O mundo irá se tornar uberizado?

 

Modelo de negócio criado há pouco mais de dez anos, a Uber se tornou rapidamente um formato copiado em diversas áreas de atendimento a clientes. A empresa criada na cidade de São Francisco, nos Estados Unidos, virou até terminologia — uberização -, mas, ao mesmo tempo em que modernizou a prestação de serviços em todo o mundo, causa ainda muito controvérsia por mexer com relações de trabalho consagradas há muitas décadas.

Como é de conhecimento geral, a Uber oferece um serviço em que conecta, através de um aplicativo móvel, motoristas de veículos a pessoas interessadas em se locomover e também enviar ou receber produtos (o que passou a acontecer após a evolução do sistema). A empresa americana não é proprietária de nenhum veículo e não tem vínculos empregatícios com os condutores de sua plataforma, que são considerados profissionais autônomos e isso foi um dos fundamentos para potencializar seu crescimento.

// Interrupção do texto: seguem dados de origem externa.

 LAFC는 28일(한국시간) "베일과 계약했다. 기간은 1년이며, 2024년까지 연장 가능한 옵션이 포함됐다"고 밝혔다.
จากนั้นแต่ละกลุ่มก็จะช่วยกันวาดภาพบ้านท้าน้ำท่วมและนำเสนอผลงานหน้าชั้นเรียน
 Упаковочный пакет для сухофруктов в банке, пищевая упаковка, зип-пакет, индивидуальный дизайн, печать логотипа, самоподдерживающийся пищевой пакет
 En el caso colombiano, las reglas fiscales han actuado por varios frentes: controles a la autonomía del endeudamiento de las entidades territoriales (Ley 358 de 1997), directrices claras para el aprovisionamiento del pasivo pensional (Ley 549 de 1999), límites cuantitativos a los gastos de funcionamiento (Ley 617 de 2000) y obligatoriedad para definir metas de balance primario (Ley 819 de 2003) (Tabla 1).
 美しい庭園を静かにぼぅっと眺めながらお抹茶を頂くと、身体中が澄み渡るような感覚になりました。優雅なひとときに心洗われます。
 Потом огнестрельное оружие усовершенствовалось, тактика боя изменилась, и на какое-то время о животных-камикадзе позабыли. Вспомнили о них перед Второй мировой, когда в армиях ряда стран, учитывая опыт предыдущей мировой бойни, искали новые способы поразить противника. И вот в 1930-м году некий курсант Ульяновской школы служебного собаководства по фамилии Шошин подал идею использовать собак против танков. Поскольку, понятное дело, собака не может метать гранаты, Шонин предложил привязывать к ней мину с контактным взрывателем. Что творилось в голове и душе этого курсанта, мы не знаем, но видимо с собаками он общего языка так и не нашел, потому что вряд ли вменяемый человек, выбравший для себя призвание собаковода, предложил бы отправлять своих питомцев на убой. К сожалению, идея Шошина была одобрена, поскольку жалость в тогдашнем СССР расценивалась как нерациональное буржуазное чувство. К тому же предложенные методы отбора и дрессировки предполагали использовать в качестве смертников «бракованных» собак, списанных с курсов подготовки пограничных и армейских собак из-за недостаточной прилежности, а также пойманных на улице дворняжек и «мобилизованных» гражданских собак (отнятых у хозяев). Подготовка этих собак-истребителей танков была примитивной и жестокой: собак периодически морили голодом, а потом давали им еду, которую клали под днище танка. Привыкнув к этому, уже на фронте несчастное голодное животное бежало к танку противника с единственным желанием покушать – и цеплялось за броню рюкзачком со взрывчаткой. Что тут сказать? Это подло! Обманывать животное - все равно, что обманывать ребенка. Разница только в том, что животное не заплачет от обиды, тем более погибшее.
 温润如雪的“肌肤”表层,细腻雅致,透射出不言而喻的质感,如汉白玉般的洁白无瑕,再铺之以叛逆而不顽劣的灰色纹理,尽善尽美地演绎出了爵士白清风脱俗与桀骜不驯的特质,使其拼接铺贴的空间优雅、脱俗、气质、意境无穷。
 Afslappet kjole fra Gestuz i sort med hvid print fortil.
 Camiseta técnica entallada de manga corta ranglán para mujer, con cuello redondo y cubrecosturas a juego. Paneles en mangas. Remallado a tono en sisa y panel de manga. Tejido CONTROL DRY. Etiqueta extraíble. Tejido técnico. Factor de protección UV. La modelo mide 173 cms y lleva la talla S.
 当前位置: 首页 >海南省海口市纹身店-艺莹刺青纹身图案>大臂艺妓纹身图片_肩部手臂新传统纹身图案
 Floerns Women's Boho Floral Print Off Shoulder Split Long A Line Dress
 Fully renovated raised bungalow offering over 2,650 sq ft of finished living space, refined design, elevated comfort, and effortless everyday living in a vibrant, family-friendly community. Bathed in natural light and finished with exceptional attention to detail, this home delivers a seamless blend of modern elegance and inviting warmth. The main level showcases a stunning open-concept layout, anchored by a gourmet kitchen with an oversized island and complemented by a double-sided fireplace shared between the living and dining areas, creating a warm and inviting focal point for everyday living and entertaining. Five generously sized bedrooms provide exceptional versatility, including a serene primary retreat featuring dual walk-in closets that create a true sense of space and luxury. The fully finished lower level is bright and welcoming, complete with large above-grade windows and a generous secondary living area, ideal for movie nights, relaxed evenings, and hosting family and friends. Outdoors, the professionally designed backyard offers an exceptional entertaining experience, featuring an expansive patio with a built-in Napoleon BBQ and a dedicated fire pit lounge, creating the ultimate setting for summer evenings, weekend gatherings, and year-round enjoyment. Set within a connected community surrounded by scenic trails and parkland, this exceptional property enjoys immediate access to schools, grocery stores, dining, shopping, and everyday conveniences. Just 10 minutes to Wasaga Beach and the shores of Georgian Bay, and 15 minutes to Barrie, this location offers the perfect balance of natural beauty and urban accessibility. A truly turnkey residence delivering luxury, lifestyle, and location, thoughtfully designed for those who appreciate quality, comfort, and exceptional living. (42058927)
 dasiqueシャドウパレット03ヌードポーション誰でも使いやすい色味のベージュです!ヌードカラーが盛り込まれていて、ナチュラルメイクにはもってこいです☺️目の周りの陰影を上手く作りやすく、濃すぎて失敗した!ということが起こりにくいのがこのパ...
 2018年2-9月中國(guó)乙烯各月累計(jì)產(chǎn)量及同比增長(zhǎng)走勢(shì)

Atualmente, tem sido contestado o modelo aplicado pela Uber e outras empresas que vieram na sequência, sendo tema de discussões trabalhistas nos diversos países em que esse tipo de negócio está presente. Nos últimos anos, muitos motoristas parceiros da Uber e semelhantes entraram na justiça pedindo reconhecimento de vínculo de trabalho com essas empresas, solicitando o pagamento de direitos trabalhistas, além de contribuições previdenciárias para uma futura aposentadoria e beneficiar-se do seguro que o recolhimento previdenciário proporciona.

Recentemente, as cortes federais da Espanha e do Reino Unido reconheceram a relação de trabalho, enquanto que decisões no estado da Califórnia (EUA) e no Brasil mantiveram os colaboradores como autônomos.

No caso do Reino Unido, houve uma decisão da Suprema Corte em favor de um pequeno grupo solicitante, concedendo vários direitos trabalhistas, o que levou à possibilidade de que os

7O mil motoristas de Uber do país pudessem pleitear os mesmos benefícios. A empresa no Ge- americana decidiu não contestar a decisão e redesenhou seu projeto estratégico para o país, estendendo os direitos conquistados pelo grupo menor a todos os seus colaboradores.

O Supremo Tribunal da Espanha reconheceu a relação de trabalho em aplicativos de transporte, e o governo espanhol também criou uma legislação para fiscalizar as relações entre os empregadores e seus funcionários que utilizam plataformas digitais. Dessa forma, as empresas da Gig Economy serão obrigadas a passar para o Ministério do Trabalho todas as suas informações algorítmicas, numéricas e matemáticas. A intenção é verificar se trabalhadores que exercem seus direitos — denunciando irregularidades, questionando a empresa ou fazendo greve — estão sendo respeitados, recebendo as mesmas oportunidades que os demais e não sofrendo algum tipo de retaliação.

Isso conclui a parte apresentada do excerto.